SEU MENTIROSO
Por Marcio Aurelio Soares
Não estou duvidando de seu caráter. Estou afirmando que todos nós mentimos, deturpamos, inventamos histórias conforme o nosso olhar sobre a realidade que um dia vivemos.
E assim é. A escritora espanhola Rosa Montero, em seu livro A Louca da Casa, reflete bem sobre isso. Diz ela: “A narrativa é a arte primordial dos humanos. Para existir, precisamos nos contar. E, nesse processo, não faltam lorotas: mentimos, imaginamos, enganamos a nós mesmos. O que lembramos hoje da infância pode ser muito diferente do que lembraremos daqui a vinte anos”.
Essa “mentira” é, na verdade, um ato de criação: escolhemos quais memórias valorizar, quais detalhes destacar e quais emoções preservar. Assim, nossa identidade não é fixa, mas uma narrativa em constante evolução, moldada pelas histórias que decidimos contar — e acreditar.

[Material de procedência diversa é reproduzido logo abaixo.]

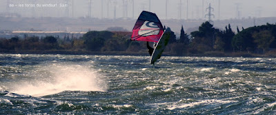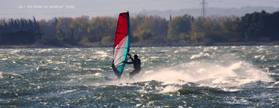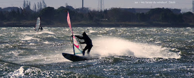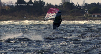 Jeudi,Coudalère. Le vent met du temps à arriver et la température à monter...enfin monter..maxi 8°, diminuant en fin de session avec pour effet ma première onglée. Pour le reste le nord continue à empoisonner nos sessions avec son irrégularité, ses minis rafales suivies de maxi molles, rien à faire, où sont nos conditions d'avant, ces magnifiques sessions ouest nord ouest avec de belles rampes?? en plus l'étang est trés bas ce qui n'arrange rien. Demain peut être encore Couda, après on devra se replier sur Eole avec des températures de 3° où va t'on??

Neste processo, o esquecimento, que é frequentemente associado à decrepitude, é, na verdade, essencial para nossa saúde mental. Já pensou se lembrássemos de tudo o que vivemos, nos mínimos detalhes, a todo instante? Certamente enlouqueceríamos. Além disso, a memória não apenas seleciona o que queremos lembrar, mas também passa por processos naturais, como o sono. Quando estamos cansados, fechamos os olhos e, antes de adormecer, um turbilhão de lembranças desconexas pode surgir. Depois, conforme relaxamos, nossa mente reorganiza essas memórias, descartando algumas e ajustando outras. É assim que o sono nos ajuda a reconstruir nossa história — e, às vezes, até a torná-la um pouco melhor do que realmente foi.

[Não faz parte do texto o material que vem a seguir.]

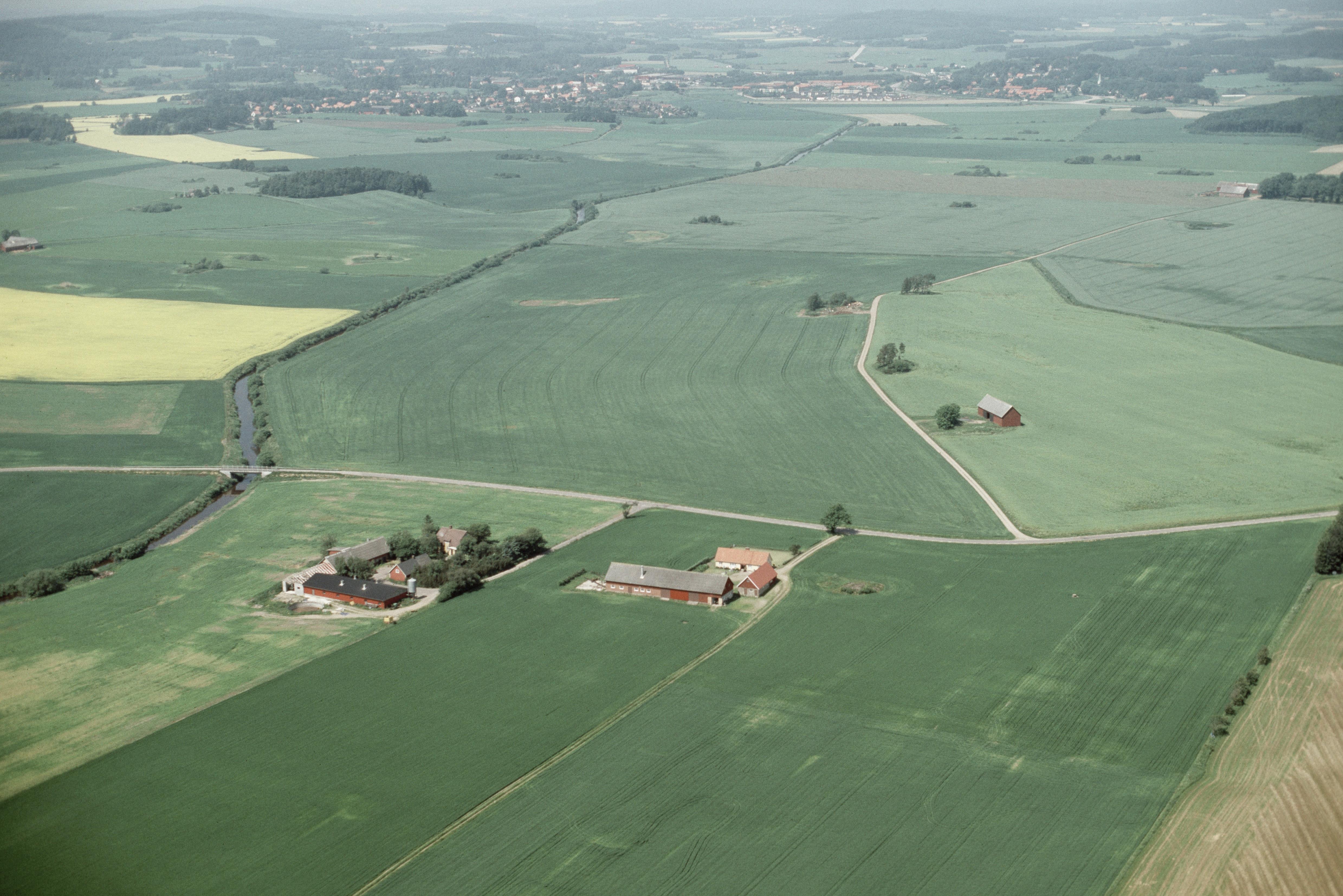Beskrivning: Innan bygge av väg E6 mellan Laholm och Slöinge. Suseån vid Folkastad, Bonnasgård och Källinge. I bildens övre del Getinge socken. Bilden är tagen mot (väderstreck): NNV

E é justamente essa capacidade de reinventar nossas memórias que nos torna grandes contadores de histórias. Afinal, se todos tivéssemos a mesma percepção das experiências vividas, seria um verdadeiro desastre. George Orwell nos mostrou isso muito bem em seus livros, especialmente em 1984, escrito em 1948. Desde então, a obra nos alerta para os perigos de uma narrativa única imposta por um regime totalitário, onde a manipulação da história e da linguagem se tornam ferramentas de controle e opressão. 1984 nos lembra que a liberdade de expressão e o direito de contar nossa própria história são fundamentais para uma sociedade democrática e criativa. Cada pessoa, com sua vivência única, contribui para um mosaico de narrativas. A diversidade de experiências e perspectivas é o que mantém a vitalidade e a pluralidade da nossa cultura.
Uns são mais contadores de histórias do que outros, chegando aos religiosos, que se autointitulam intérpretes do passado e tutores do futuro; não tenho interesse por isso — talvez porque não me interesse por um futuro que não consigo enxergar e eu seja mentiroso o suficiente para inventar outro, assim como eu faço com o passado.
Com essa capacidade, escritores e artistas têm o privilégio de viver vários personagens, absorvendo o melhor de cada um. Porém, há quem diga, como o escritor Oscar Wilde, que “a vida imita a arte muito mais do que a arte imita a vida”, sugerindo que as criações artísticas têm o poder de transformar a realidade ao inspirar novas formas de pensar e agir.
E assim seguimos, tecendo histórias e reinventando o passado, porque, no fim, somos todos grandes mentirosos — ou, se preferirmos, apenas contadores de histórias.